Fanni Schmidt-Biernoth kämpft jeden Tag aufs Neue. Mit der Gesundheit, die seit Jahren an ihren Kräften zerrt. Die 46-Jährige aus Bernstadt leidet an Multipler Sklerose (MS), einer schweren und entzündlichen Erkrankung des Zentralen Nervensystems, die Gehirn und Rückenmarkt betrifft. MS ist unheilbar, aber die Symptome lassen sich mit Medikamenten eindämmen. Sie wird deswegen seit Jahren in der MS-Ambulanz des Städtischen Klinikums Görlitz betreut.

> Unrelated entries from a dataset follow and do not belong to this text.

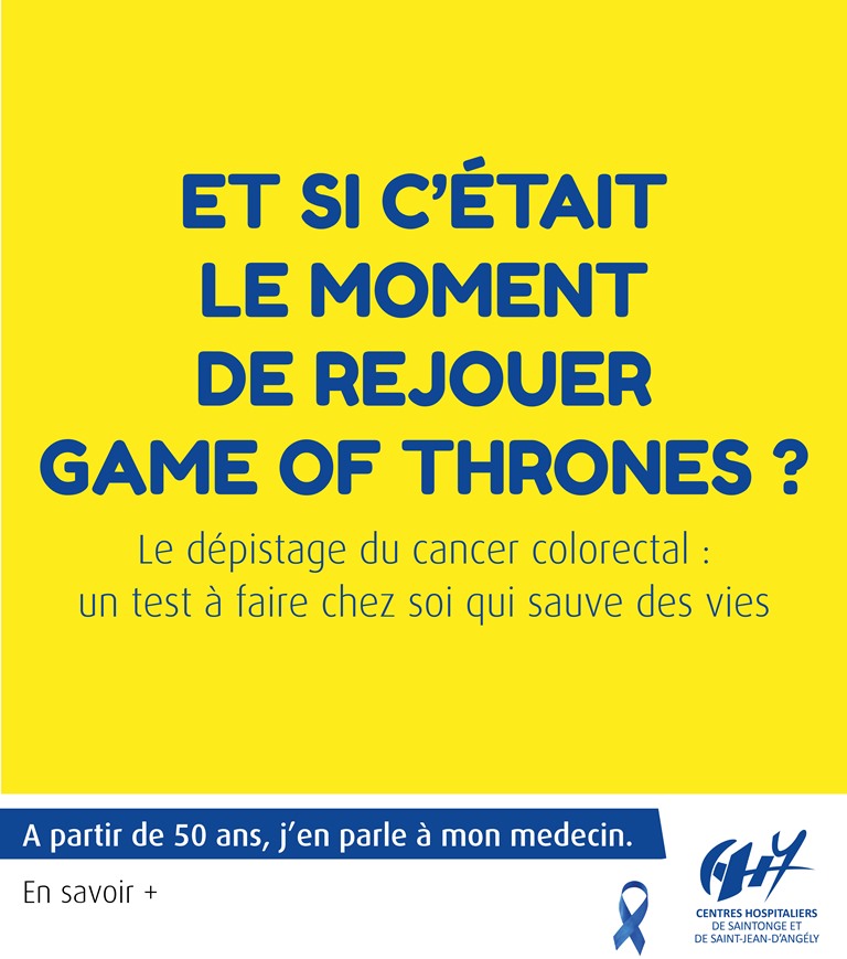 L’opération Mars bleu débarque en Charente-Maritime. A l’occasion du mois de campagne pour le dépistage du cancer colorectal, les centres hospitaliers de Saintes et Saint-Jean-d’Angély lancent une nouvelle campagne de communication. A travers la création d’affiches et la mise à disposition de kits de dépistage, les deux établissements souhaitent sensibiliser le public et mettre en garde contre l’un des cancers les plus meurtriers en France. Et pourtant, s’il est diagnostiqué à temps, il se guérit dans la plupart des cas. Lucie Alix :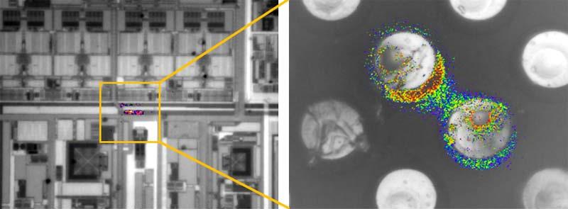 通过故障点处热辐射的相位差检测 3D 封装的故障深度(Z 轴方向),而不会损坏受电的 3D 设备,从而快速定位故障点(获取其 XYZ 坐标),进而得出缺陷落在焊球处的结论(见下图)。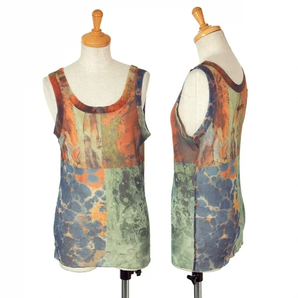 ジャンポールゴルチエJean Paul GAULTIER ネイチャープリントパワーネットタンクトップ オレンジマルチM位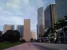 North of Snapper Creek (Canal C-2), US 1 continues northeast and enters another section of unincorporated Miami-Dade County. Here, US 1 forms the Snapper Creek Expressway (SR 878)'s eastern terminus. Dadeland South station lies just south of the expressway, on US 1's northern side, and acts as the handover point between the South Miami-Dade Busway and the Metrorail line, which proceeds to parallel US 1 for most of its subsequent journey into Downtown Miami. The South Dixie Highway then crosses into South Miami at South 80th Street.[32] At SR 959 (Red Road/West 57th Avenue), US 1 leaves South Miami and enters Coral Gables, passing the main campus of the University of Miami and headed northeast.[33] At West 38th Avenue (Brooker Street), it leaves Coral Gables and enters Miami, heading northeast toward the southern terminus of I-95 just south of Downtown Miami. At this point, there is a signage gap in the route even though it is federally and state defined as cosigning with I-95 and SR 970 all the way to Biscayne Boulevard,[34] where US 1 signage resumes.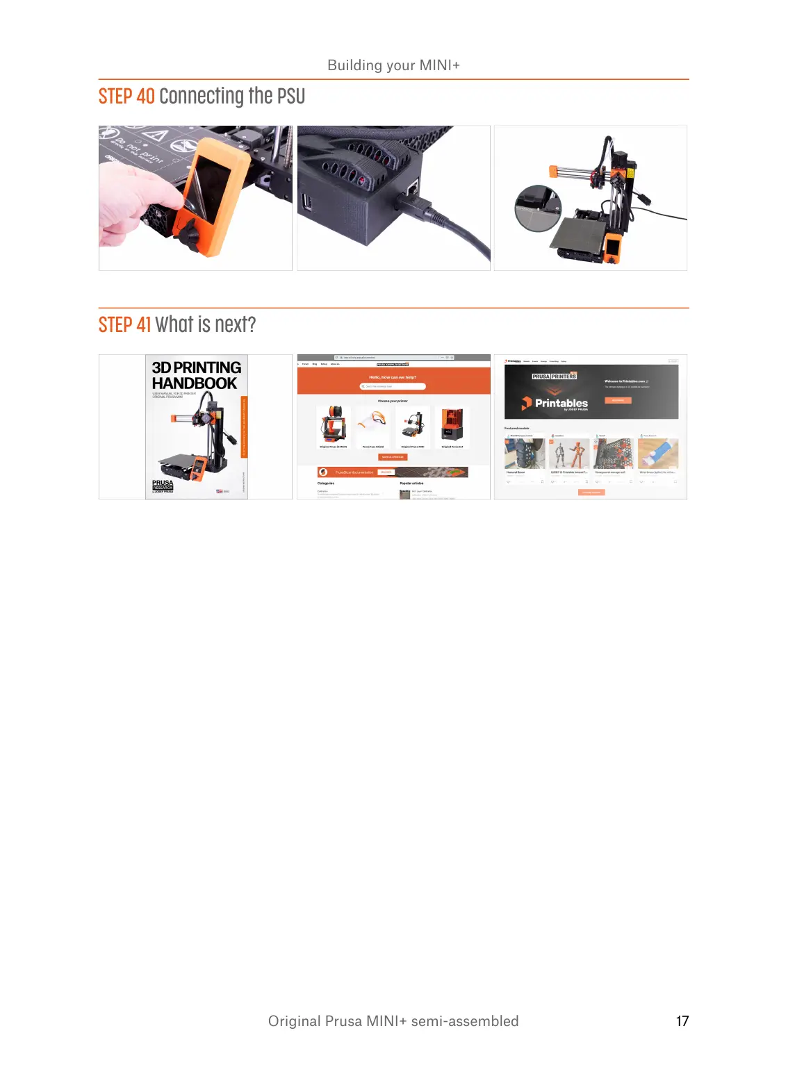 Original Prusa MINI+ - Step 40 Connecting the PSU; Step 41 What is next?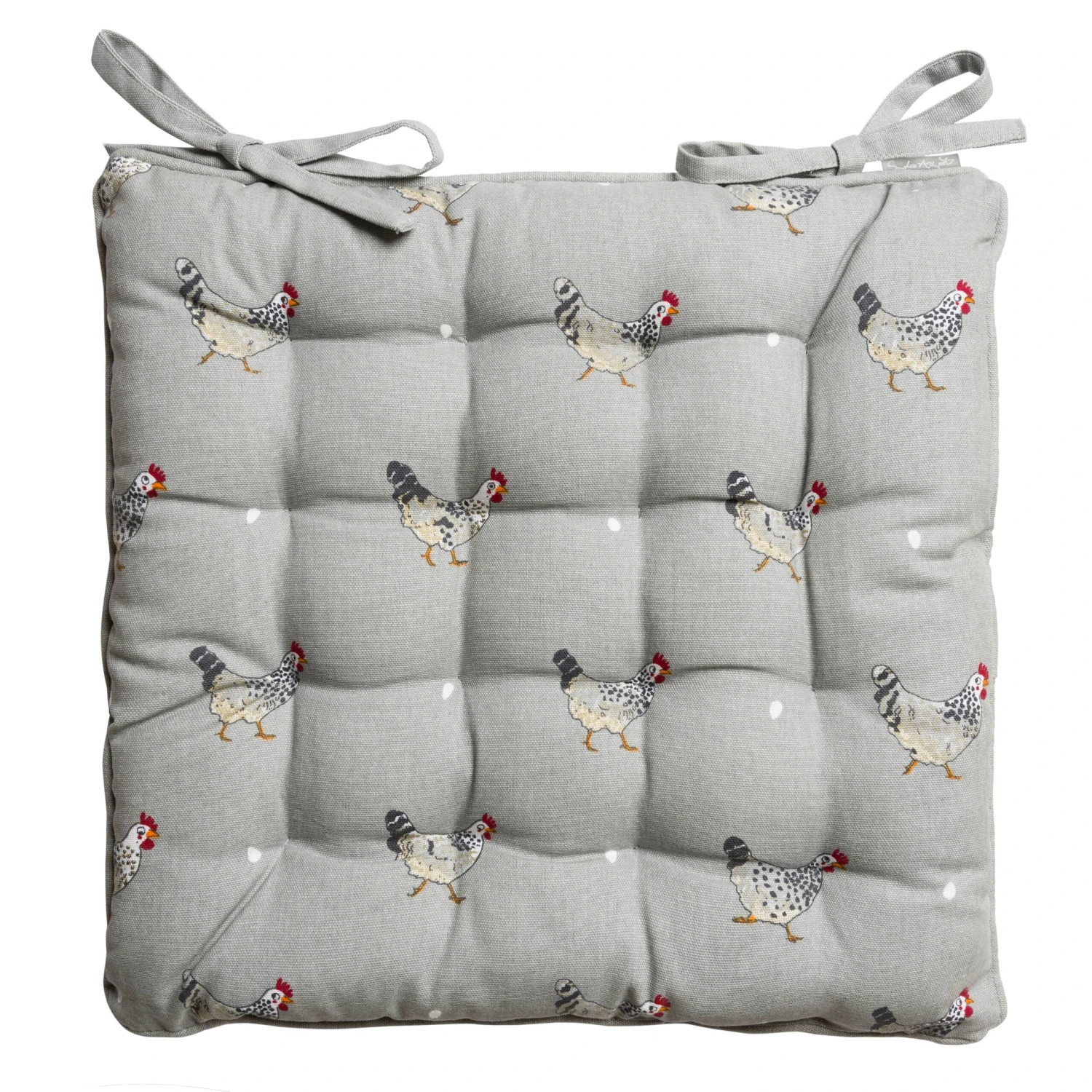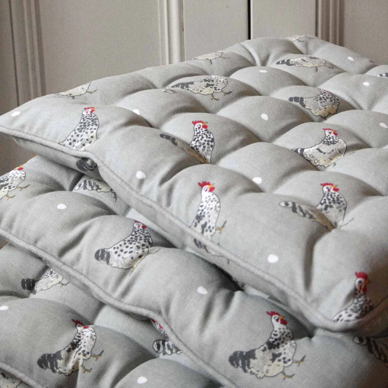 These adorable Chicken Chair Pads are 100% cotton and will smarten up any seat and make it extra comfy. They can be used as kitchen chair pads, seat pads, dining booster cushions and garden seat cushions. Made from our lovely sage grey Chicken fabric, they are covered in quirky Speckled Maran Hens with a few white eggs dotted around. Perfect for country chairs in the garden, sun room, bedroom, kitchen or dining room and coordinate beautifully with our Chicken collection of china and textiles.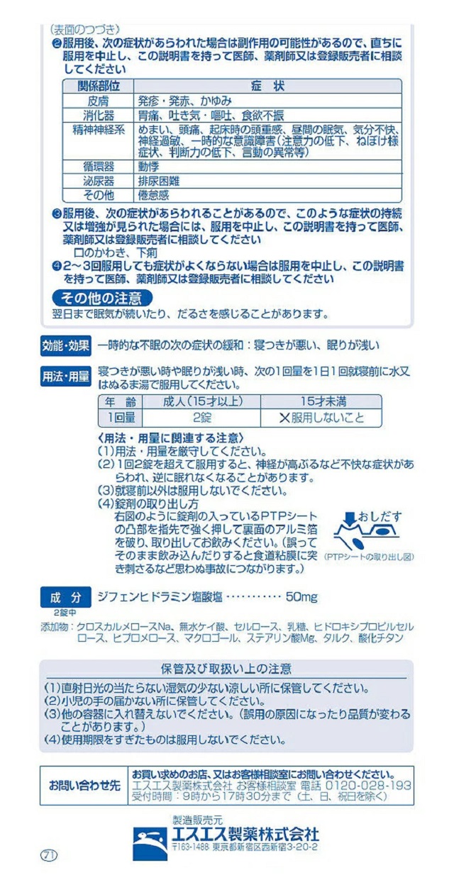 (2) 1回2錠を超えて服用すると、神経が高ぶるなど不快な症状があらわれ、逆に眠れなくなることがあります。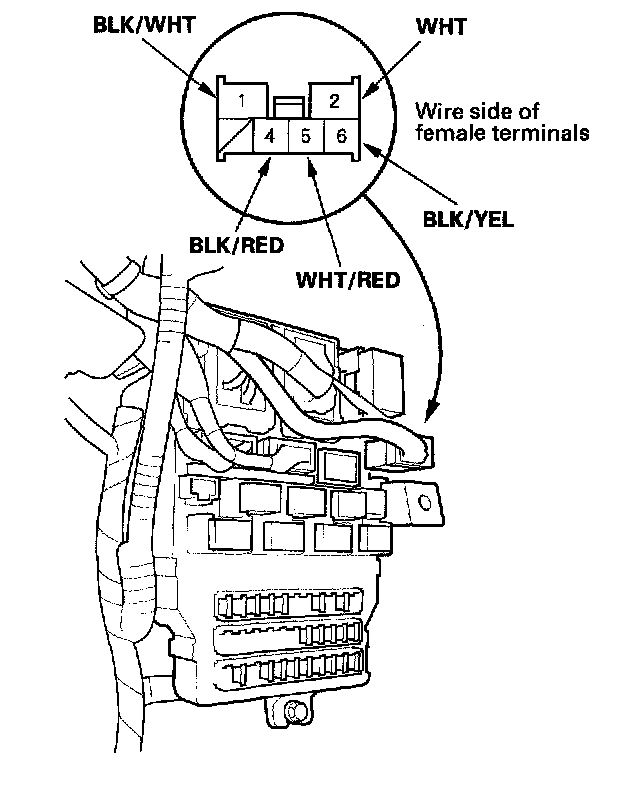 4. Disconnect the 6P connector from the driver's under-dash fuse/relay box.

Kraftlosigkeit, Sehstörungen, starke Muskelverspannungen – die Symptome von MS sind unterschiedlich. Es gilt deswegen als „Krankheit der 1.000 Gesichter“, sagt Schmidt-Biernoth - aber dabei werde oft vergessen: "Wir Patienten haben auch noch die Gesichter, die wir verbergen". Viele kennen Frau Schmidt-Biernoth aus dem Alltag als fröhlichen, strahlenden Menschen. Im Gespräch mit der Redaktion redet sie offen über ihr Leben und ihre Beschwerden, schildert manches mit Humor - aber immer lachen, das kann sie nicht, auch wenn Freunde es ihr oft nachsagen, in Anspielung an einen bekannten Schlagertext. Doch das ist auch gar nicht ihr Anspruch: "Ich will zu mir selber stehen und nicht so sein wie mich die anderen gerne haben wollen", sagt sie. Dazu gehört für sie auch, Momente der Schwäche zuzulassen.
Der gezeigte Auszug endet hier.